### WORK INSTRUCTIONS
Copy out exactly the lines spanning the line with "Esta elegante caligrafia" to the line with "Quilting Is My", inclusive, from the data underneath, with no pictures.

---------- DATA

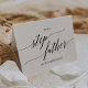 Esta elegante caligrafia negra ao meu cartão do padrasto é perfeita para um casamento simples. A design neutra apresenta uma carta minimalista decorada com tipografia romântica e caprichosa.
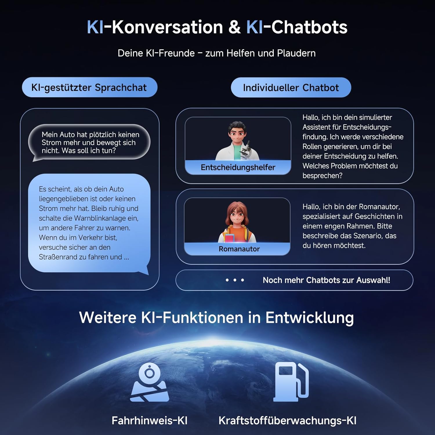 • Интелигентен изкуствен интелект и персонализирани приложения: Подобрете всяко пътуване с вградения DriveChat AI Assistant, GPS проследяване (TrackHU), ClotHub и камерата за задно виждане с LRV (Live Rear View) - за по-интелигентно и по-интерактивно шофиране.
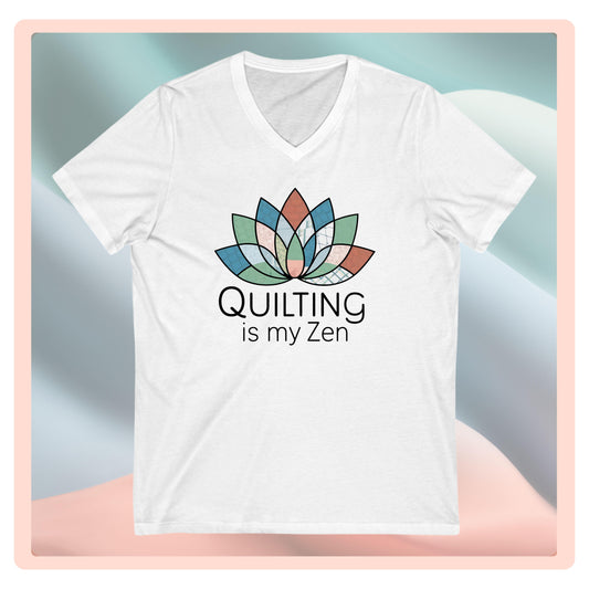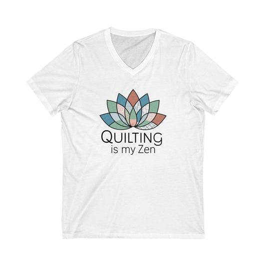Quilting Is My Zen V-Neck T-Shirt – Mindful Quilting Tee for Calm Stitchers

--------------------
---------- DATA

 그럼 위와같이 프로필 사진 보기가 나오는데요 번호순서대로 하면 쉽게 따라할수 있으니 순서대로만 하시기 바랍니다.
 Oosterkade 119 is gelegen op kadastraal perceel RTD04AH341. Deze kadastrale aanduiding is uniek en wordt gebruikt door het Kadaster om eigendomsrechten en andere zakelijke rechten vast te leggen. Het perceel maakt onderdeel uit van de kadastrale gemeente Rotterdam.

--------------------
---------- DATA

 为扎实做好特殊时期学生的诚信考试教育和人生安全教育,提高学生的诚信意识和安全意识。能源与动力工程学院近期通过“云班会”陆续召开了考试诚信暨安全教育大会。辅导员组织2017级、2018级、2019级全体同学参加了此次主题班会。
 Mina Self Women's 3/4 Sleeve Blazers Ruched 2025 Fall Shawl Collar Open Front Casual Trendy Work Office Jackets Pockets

--------------------

### WRITTEN REPLY
 Esta elegante caligrafia negra ao meu cartão do padrasto é perfeita para um casamento simples. A design neutra apresenta uma carta minimalista decorada com tipografia romântica e caprichosa.
 • Интелигентен изкуствен интелект и персонализирани приложения: Подобрете всяко пътуване с вградения DriveChat AI Assistant, GPS проследяване (TrackHU), ClotHub и камерата за задно виждане с LRV (Live Rear View) - за по-интелигентно и по-интерактивно шофиране.
Quilting Is My Zen V-Neck T-Shirt – Mindful Quilting Tee for Calm Stitchers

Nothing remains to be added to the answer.